Студент Гофман давал уроки музыки тридцатилетней даме по имени Дора Хатт, связанной несчастливым браком с пожилым виноторговцем. Она, по словам Гиппеля, сама добилась благосклонности студента. Впрочем, студент не очень сопротивлялся, совсем скоро он стал называть свою окольцованную возлюбленную античным именем Кора (греческая богиня, похищенная Аидом, владьжой подземного царства мертвых, который заставил ее проглотить гранатовые зерна – символ неразрывности брака). Так что эта любовь с самого начала была настроена на высокую трагическую ноту (через много лет писатель воздвигнет ей нетленный памятник в новелле «Майорат»). Когда эта страсть обрела масштаб публичного скандала в Кенигсберге, на семейном совете было решено отправить Гофмана к дяде Иоганну Людвигу Дерферу, советнику Верховного суда в Глогау (Силезия). Это произошло в 1796 году.

Кончилась хоть и бедная, но вдохновенная студенческая пора – с музыкой, книгами, любовью, театром, и на порог вступила «проза жизни». Гофман начал сам зарабатывать на жизнь, но вожделенной самостоятельности не обрел – семейная опека продолжалась, дядюшка запретил ему даже переписываться с Корой, боясь судебного разбирательства. До литературной «отдушины» предстояло добираться еще двенадцать лет, которые Гофман сравнит со скалой Прометея. Мечтая проявить себя как музыкант, композитор и художник (о литературе пока помышлений не было), он был прикован к службе ради хлеба насущного: мелкий судебный чиновник в Глогау, затем в Познани, откуда в наказание за злые карикатуры на «сливки» общества его сослали в захолустный Плоцк. В это время без особого воодушевления он женился на Михалине Рорер-Тшщиньской, однако с женой ему повезло. Простая, но сердечная женщина, она снисходительно относилась ко всем отклонениям от нормы своего творчески взвинченного супруга.

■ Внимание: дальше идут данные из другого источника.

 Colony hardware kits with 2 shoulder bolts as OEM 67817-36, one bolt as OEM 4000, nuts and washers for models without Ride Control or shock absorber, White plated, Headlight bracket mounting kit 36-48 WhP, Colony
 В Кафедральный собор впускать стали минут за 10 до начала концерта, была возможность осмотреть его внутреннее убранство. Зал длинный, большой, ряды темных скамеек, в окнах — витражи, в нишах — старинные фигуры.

В 1804 году Гофмана перевели в чине государственного советника в Южнопрусское окружное управление в Варшаву. Здесь наконец-то он приблизился к тому миру, который его манил, став в 1805 году заведующим и цензором варшавского «Музыкального общества», где сам расписал концертный зал и к тому же был капельмейстером…

Гофман решает посвятить жизнь музыке. Для начала он меняет свое третье имя Вильгельм на Амадей, в честь Моцарта, сочиняет музыкальные произведения, концертирует… Он так увлекся, что даже не заметил, как начались Наполеоновские войны. «Между тем война, – писал Герцен, – видя его невнимательность, решается сама посетить его в Варшаве; он бы и тут ее не заметил, но надо было на время прекратить концерты». Французская армия вошла в Варшаву, и Гофман лишился работы из-за роспуска прусских учреждений.

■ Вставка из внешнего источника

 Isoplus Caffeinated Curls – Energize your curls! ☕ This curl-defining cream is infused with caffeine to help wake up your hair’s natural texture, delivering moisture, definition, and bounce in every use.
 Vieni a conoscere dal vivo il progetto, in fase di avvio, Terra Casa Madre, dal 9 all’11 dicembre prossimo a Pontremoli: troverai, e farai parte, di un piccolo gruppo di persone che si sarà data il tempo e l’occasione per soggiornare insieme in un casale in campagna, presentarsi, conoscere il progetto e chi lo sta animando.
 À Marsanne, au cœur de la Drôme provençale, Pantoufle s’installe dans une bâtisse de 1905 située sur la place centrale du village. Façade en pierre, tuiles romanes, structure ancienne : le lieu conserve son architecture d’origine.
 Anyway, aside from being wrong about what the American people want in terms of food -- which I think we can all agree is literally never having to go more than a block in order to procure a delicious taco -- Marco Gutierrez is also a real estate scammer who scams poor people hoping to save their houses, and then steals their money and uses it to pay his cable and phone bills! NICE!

Началась полоса крайней нужды и разочарований, пришло горе – умерла единственная двухлетняя дочь Цецилия. Гофман уезжает в Берлин, но в разоренной Наполеоном Пруссии он никому не понадобился – ни как юрист, ни как музыкант и живописец. Чтобы поесть, он иногда продавал с себя вещи… Наконец в 1808 году его пригласили капельмейстером в Бамберг, и жизнь дала небольшую передышку. Гофман сочиняет музыку для спектаклей городского театра, приобретает влиятельных друзей (один из них, виноторговец Карл Кунц, будет первым издателем его книг и биографом), становится завсегдатаем популярного ресторанчика «У розы», куда жители приходят на него посмотреть не только как на местную знаменитость, но и как на большого оригинала. Иногда у Гофмана случались приступы необъяснимой ярости, он поднимался из-за стола и, стуча вилкой по тарелке, обращался к не понравившемуся посетителю: «Дражайший, вы, справа в углу, вы даже не представляете, как я вас почитаю, хоть вы и осел!» Когда театр прогорел и он опять остался без работы и в поношенном сюртуке, жители не отказали себе в удовольствии всячески подчеркнуть, что он всего лишь учитель музыки и рисовальщик декораций, – так появилась на повестке дня гофмановская тема филистеров и энтузиастов.

В этот тяжелый период он написал свою первую новеллу «Кавалер Глюк» (1809) – исключительно ради заработка, о чем свидетельствует его записка редактору «Всеобщей музыкальной газеты», в которой он предоставляет ему полную свободу сокращений и добавляет: «Я бесконечно далек от всякого писательского тщеславия». К тому времени Гофман был автором более тридцати музыкальных произведений и с музыкой связывал свои надежды на бессмертие. Однако жизнь за него сделала выбор между тремя искусствами.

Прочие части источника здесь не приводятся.